“…I felt like one who had escaped a den of hungry lions,” writes Douglass about how his life was when he was a slave (Douglass 106). When I read great stories of people who have struggled and fought for their freedom, I look at my own life and see how much passion I have for freedom. We all experience fundamental obstacles in our life, but there is a moment when something occurs and accelerates this passion for freedom. That moment happened to Frederick Douglass before his escape from slavery.

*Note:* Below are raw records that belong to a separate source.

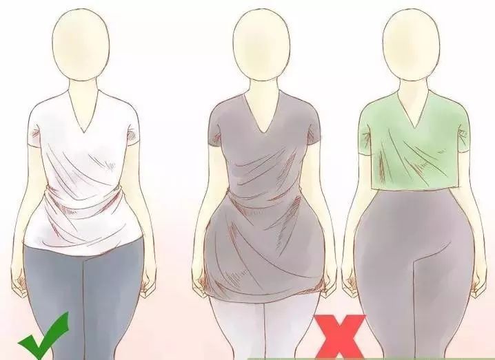 简单说,梨形身材就是下身较胖。所以在选择上衣的时候,衣服长度很重要,要避免把髋部宽的缺点暴露出来。衣服太长或太短都会把缺点暴露出来,最好的长度是恰好与髋部齐平(就是大腿根部的位置)。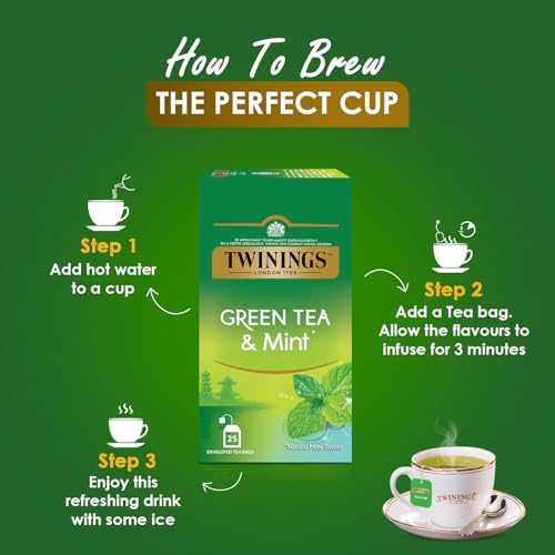 Twinings Green Tea & Mint 25 Teabags Green Tea Cool & Refreshing Mint Flavour 50 Grams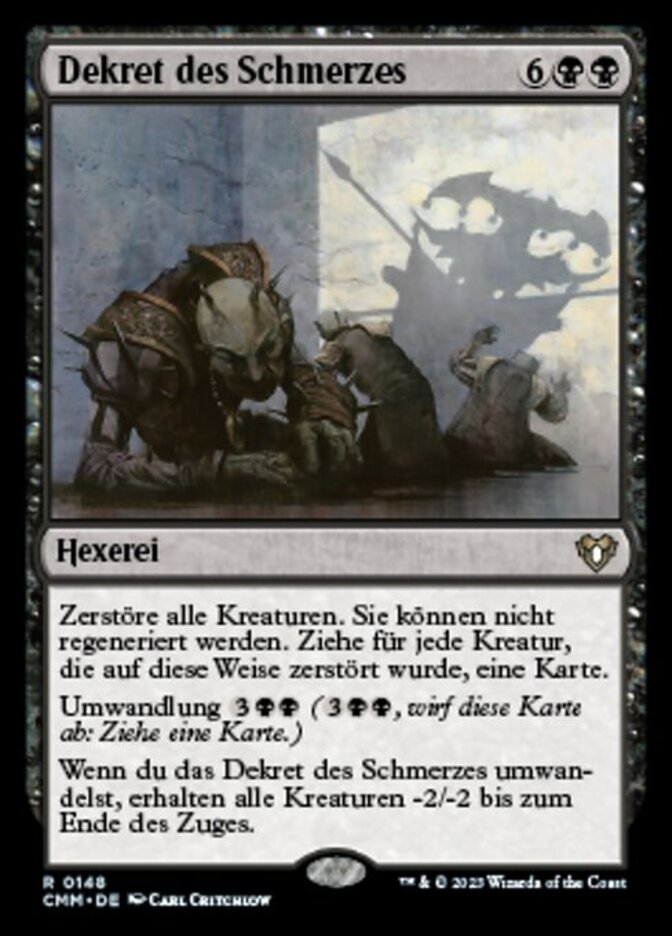 | Rules | Destroy all creatures. They can't be regenerated. Draw a card for each creature destroyed this way. Cycling (, Discard this card: Draw a card.) When you cycle Decree of Pain, all creatures get -2/-2 until end of turn. |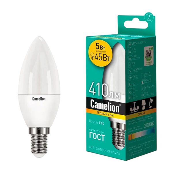 Светодиодная лампа Camelion LED5-C35/830/E14 - это инновационное решение с мощностью 5Вт, созданное для освещения офисных и коммерческих помещений. Обеспечивает световой поток в 410 лм и имеет матовый колбу в форме свечи.
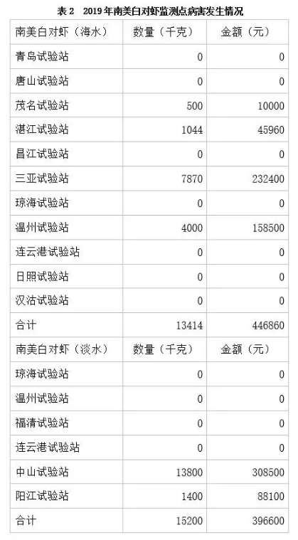 2019年虾蟹产业体系针对南美白对虾共在14个试验站设置了36个观测点,其中海水养殖11个试验站24个观测点,淡水养殖6个试验站12个观测点。根据监测数据,2019年发生病害的共有6个试验站14个观测点,基本情况如表2所示。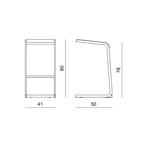 Barska stolica sa metalnom bazom od cijevi 30 x 15 mm lakirana u bijelu boju. Sjedište sa konstrukcijom od višeslojnog drveta breze punjeno hladno livanom pjenom tapacirano štofom kategorije B01 u žutoj boji (010). Dimenzije stolice 41 x 50 x 76-80 cm.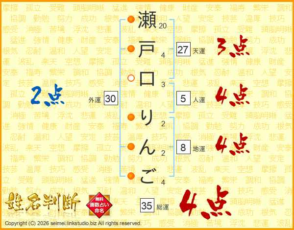 瀬(20画)戸(4画)口(3画) り(2画)ん(2画)ご(4画)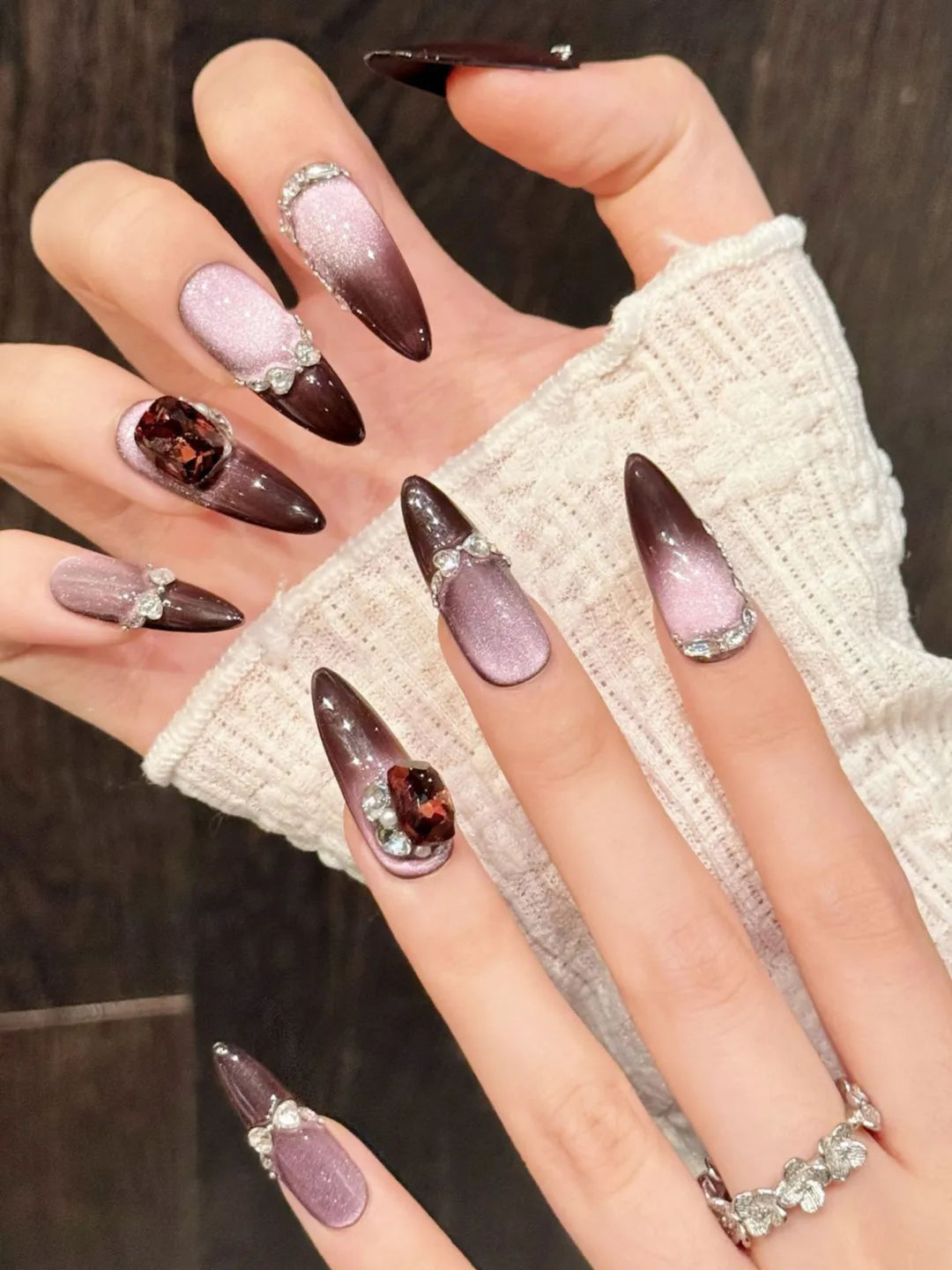 Style:Inspired by moonlit purple tones and cat-eye shimmer, combined with glass-like glow to create a dreamy, elegant and luxurious long-nail aesthetic.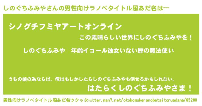 | 胡散臭い通販商品みたいなあだ名 | 『億万長者になれる水晶球…その名も「しのぐちふみや」』 |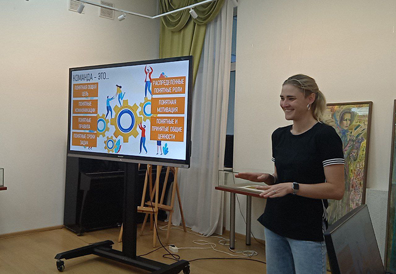 9 октября состоялись второй и третий образовательные тренинги на темы «Команда» и «Работа с командой» для участников образовательного интенсива «Академия Добра». Лекцию провела тренер Рязанского тренингового центра РСМ Мария Косухина.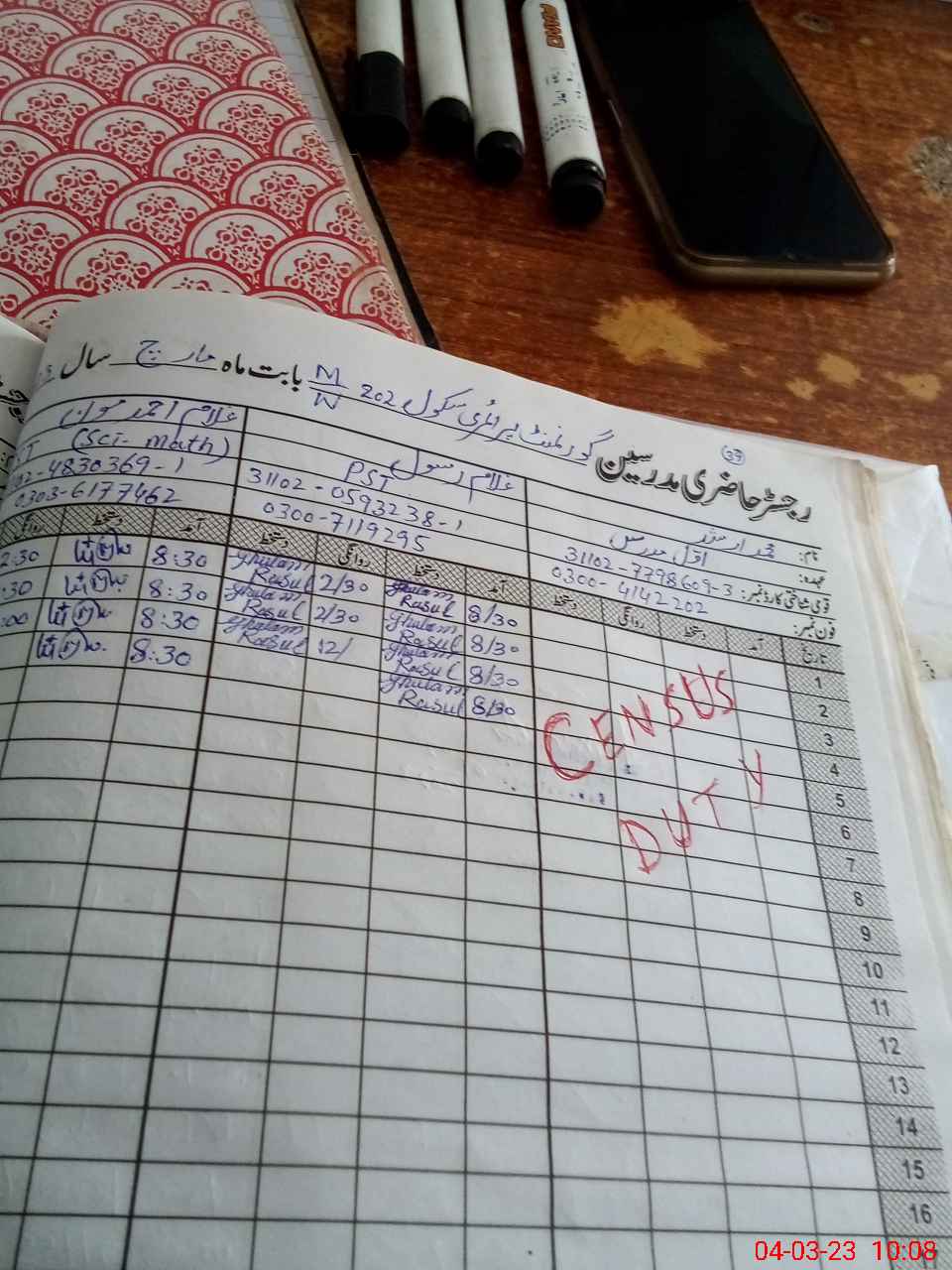 | Name: Gh**** Ra**** Designation: (School Headmaster's/Headmistress's) PST Phone/Cell Number: 03**** |

Frederick Augustos Washington Bailey was born in 1818 in slavery. Seven years later, his father dies leading him to live with another family in Baltimore as family servant and errand boy. On September 3, 1838, he manages to escape with financial assistance from his fiancé, Anna Murray, a free black woman from Baltimore. He arrives in New York the next day and nearly two weeks later, he marries Anna Murray and changes his name to Frederick Douglass (adapted from The Oxford Frederick Douglass Reader).

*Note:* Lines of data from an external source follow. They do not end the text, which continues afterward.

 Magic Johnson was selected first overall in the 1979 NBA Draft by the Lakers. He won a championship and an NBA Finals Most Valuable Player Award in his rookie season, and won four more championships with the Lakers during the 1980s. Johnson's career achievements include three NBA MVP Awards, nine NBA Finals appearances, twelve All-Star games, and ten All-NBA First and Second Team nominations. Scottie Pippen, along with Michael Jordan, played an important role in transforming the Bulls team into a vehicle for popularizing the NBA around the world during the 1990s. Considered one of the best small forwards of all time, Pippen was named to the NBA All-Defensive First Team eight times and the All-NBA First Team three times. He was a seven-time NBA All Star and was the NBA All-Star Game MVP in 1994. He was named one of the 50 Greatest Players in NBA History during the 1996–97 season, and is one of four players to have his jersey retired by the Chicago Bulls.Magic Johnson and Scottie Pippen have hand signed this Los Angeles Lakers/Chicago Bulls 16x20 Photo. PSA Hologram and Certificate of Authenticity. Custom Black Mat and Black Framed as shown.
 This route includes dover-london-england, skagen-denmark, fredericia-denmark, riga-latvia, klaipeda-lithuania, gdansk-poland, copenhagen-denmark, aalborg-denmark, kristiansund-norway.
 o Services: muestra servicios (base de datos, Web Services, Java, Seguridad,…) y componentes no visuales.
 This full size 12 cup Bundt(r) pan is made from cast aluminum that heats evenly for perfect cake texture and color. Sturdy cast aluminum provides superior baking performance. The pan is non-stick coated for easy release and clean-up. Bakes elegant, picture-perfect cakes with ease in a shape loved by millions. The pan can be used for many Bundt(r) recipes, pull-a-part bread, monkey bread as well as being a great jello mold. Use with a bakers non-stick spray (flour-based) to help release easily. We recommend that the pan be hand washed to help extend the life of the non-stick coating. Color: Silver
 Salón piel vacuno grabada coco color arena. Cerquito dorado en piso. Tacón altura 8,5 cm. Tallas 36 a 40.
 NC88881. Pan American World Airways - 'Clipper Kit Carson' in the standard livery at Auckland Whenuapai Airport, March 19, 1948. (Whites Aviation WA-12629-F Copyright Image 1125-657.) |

After fleeing slavery, Douglass’ life changed, becoming one of the most renowned abolitionist and influential activists. Hence, it is the freedom that makes us attain our ultimate goals. Although the notion “freedom” is often associated with the idea of breaking from slavery , it does have another essence that goes beyond being treated as a property; it’s freeing our mind from repetitive thoughts and worries. In today’s world, we face a seemingly endless supply of boundaries, difficulties, but we struggle with our power to overcome them. As an employee, student, or even as an independent businessman, we are subject to a “slavery system” under which we are strained. We feel strangled waiting for that moment.

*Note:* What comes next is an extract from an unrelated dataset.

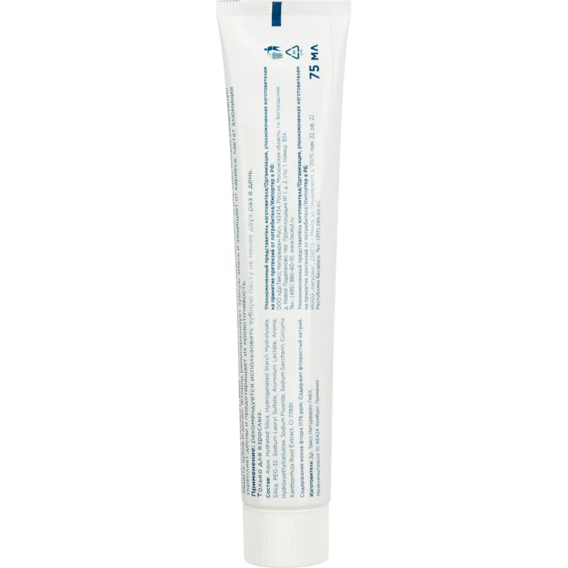 Состав: Aqua, Hydrated Silica, Hydrogenated Starch Hydrolysate, Silica, PEG — 32, Sodium Lauryl Sulfate, Aluminum Lactate, Aroma, Hydroxyethylcellulose, Sodium Fluoride, Sodium Saccharin, Curcuma Xanthorrhiza Root Extract, Cl 77891.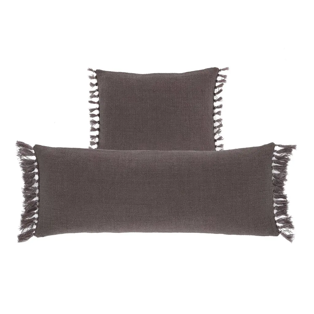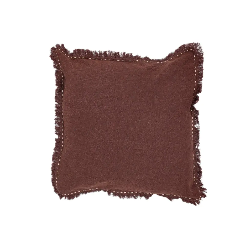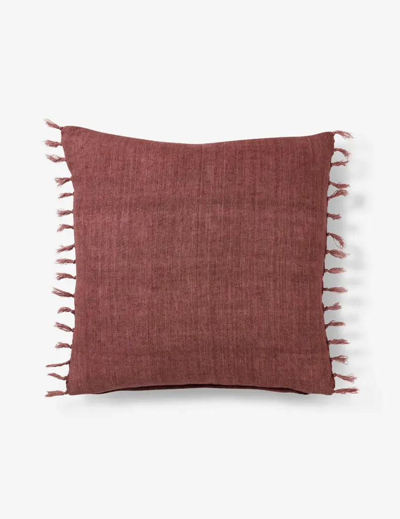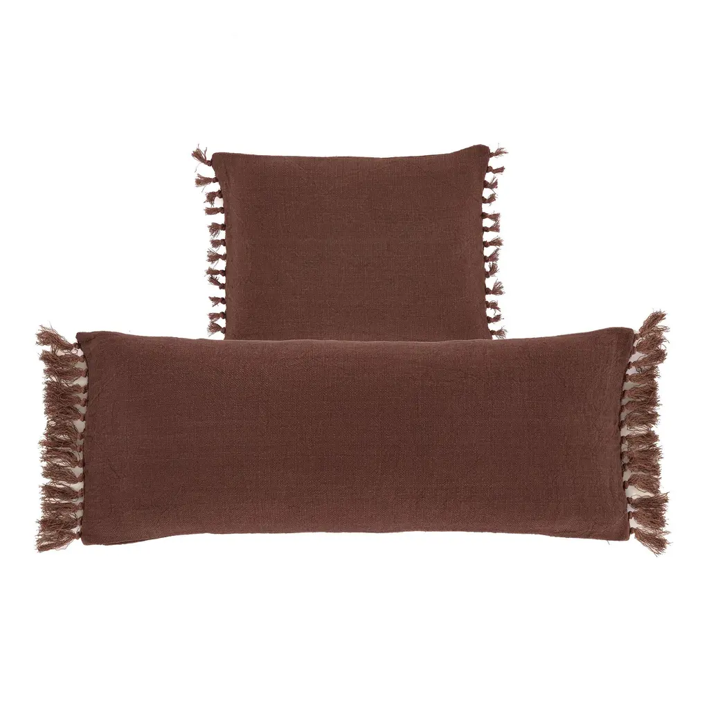 Stonewashed Linen Throw Pillow With Handworked Edges & Fringe - Russet

The story behind Douglass’ escape inspires me, but more evidently, the role Anna played in that escape. Can I say that it was love that set Douglass free? Conceivably, yes! It is true that the passion for freedom had been inside Douglass before he met Anna. However, the appearance of Anna in his life made him eager to expedite his plans. In Frederick Douglass: A Biography, James Trotman states, “Meeting Anna, falling in love, and wishing for marriage only accelerated the passion for freedom that was already on fire in Frederick” (28). His plan to escape succeeded because of Anna,” adds Trotman, to show the role Anna played in this escape, and eventually, in his life as a freeman. Only 12 days had elapsed when Douglass married Anna Murray. He wanted to be united with his love very fast and we see how his tone changed in his narrative after his escape with the use of the plural personal pronoun “we”. Now, it is no longer a story of self, but rather, a story of a perfect union. Douglass writes right after his marriage, “ …we set out forthwith…we were so anxious to get a place of safety…we decided to take seats in the stage…” (Douglass109). I am not suggesting that if it were not Anna there, he would not have escaped, but rather I would say that her presence in his life rushed him to break the chains of his slavery.
Douglass, Frederick, and William L. Andrews. The Oxford Frederick Douglass Reader. New York: Oxford UP, 1996. Print.
Douglass, Frederick. Narrative of the Life of Frederick Douglass: An American Slave. Cambridge: Harvard UP, 2009. Print.
Trotman, C. James. Frederick Douglass: A Biography. Santa Barbara, CA: Greenwood, 2011. Print.